If those additional nominees are confirmed, Mr. Biden will have nominated or renominated five of the Fed’s seven governors. The Fed is independent of politics, so those appointments are the main way that the White House can shape the future of monetary policy, which is used to keep inflation stable and employment high.

Governors at the Fed’s board in Washington hold constant votes on monetary policy and oversee the nation’s largest banks. They set interest rates to guide the economy alongside 12 regional reserve bank presidents, five of whom hold a vote at any given time.

The Fed is now battling stubbornly high inflation, and Mr. Biden’s nominees to the board are likely to stick to the course the central bank has already begun to chart. The Fed raised interest rates at its meeting in March and made an even bigger rate increase at its meeting last week. It will also imminently begin to shrink its balance sheet of bond holdings in a bid to push up longer-term interest rates and further slow the economy.

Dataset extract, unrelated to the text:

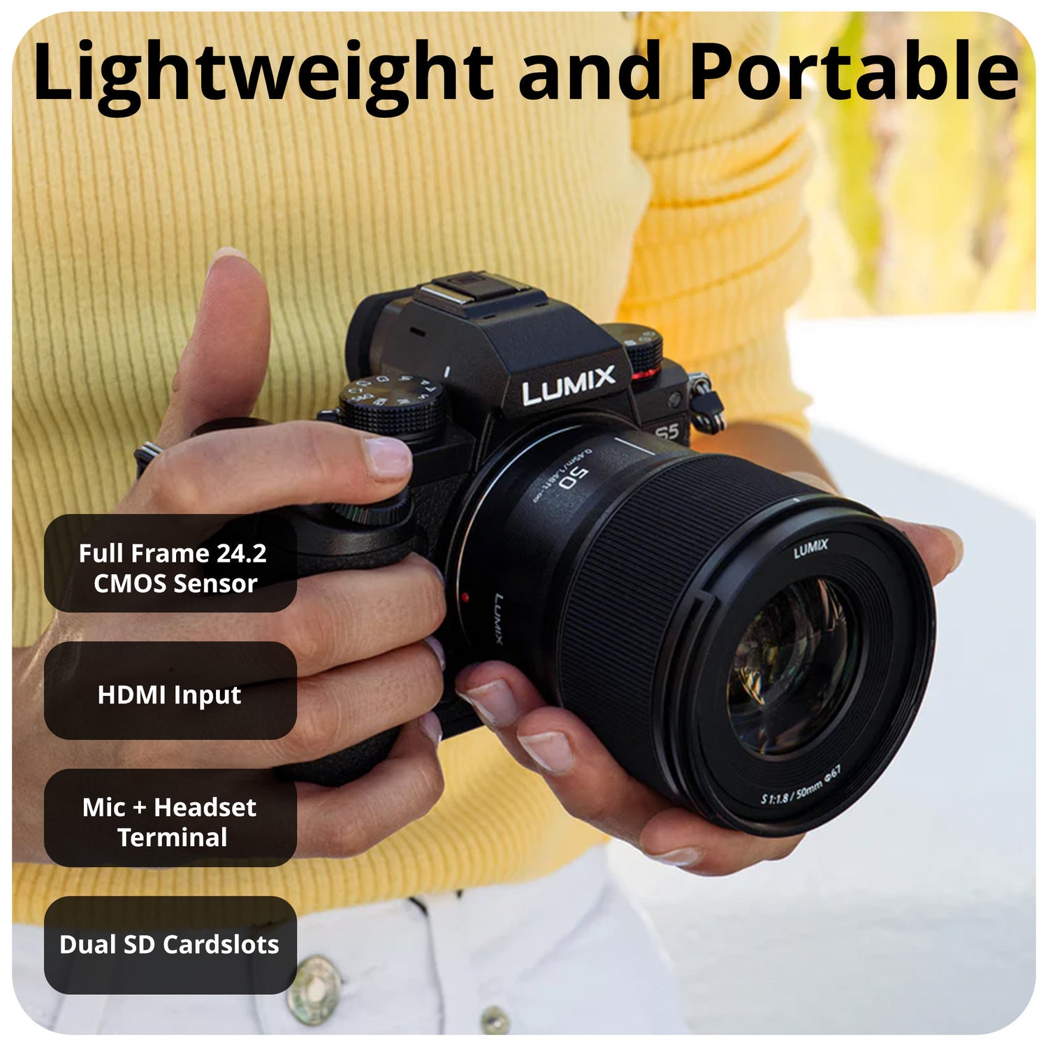 The Panasonic LUMIX S5 is a high-quality, high-performance hybrid full-frame mirrorless camera designed especially for content creators, helping you bring your ideas forward in breathtaking clarity and color. Still photos and video come alive using the latest advances in image resolution, image stabilization, and autofocus, all in the lightweight, compact, durable body that is the signature of LUMIX.

By making money more expensive to borrow, the Fed is trying to slow down spending and hiring, which could allow inflation to moderate over time as supply catches up with demand. During their hearings, the nominees all made it clear that they were committed to bringing down high inflation.

“High inflation is a grave threat to a long, sustained expansion, which we know raises the standard of living for all Americans and leads to broad-based, shared prosperity,” Ms. Cook said during her testimony. “That is why I am committed to keeping inflation expectations well anchored.”

Ms. Cook has a doctorate in economics from the University of California, Berkeley. She has a history of mentoring younger economists, including through the American Economic Association Summer Program, which aims to increase diversity in the field of economics.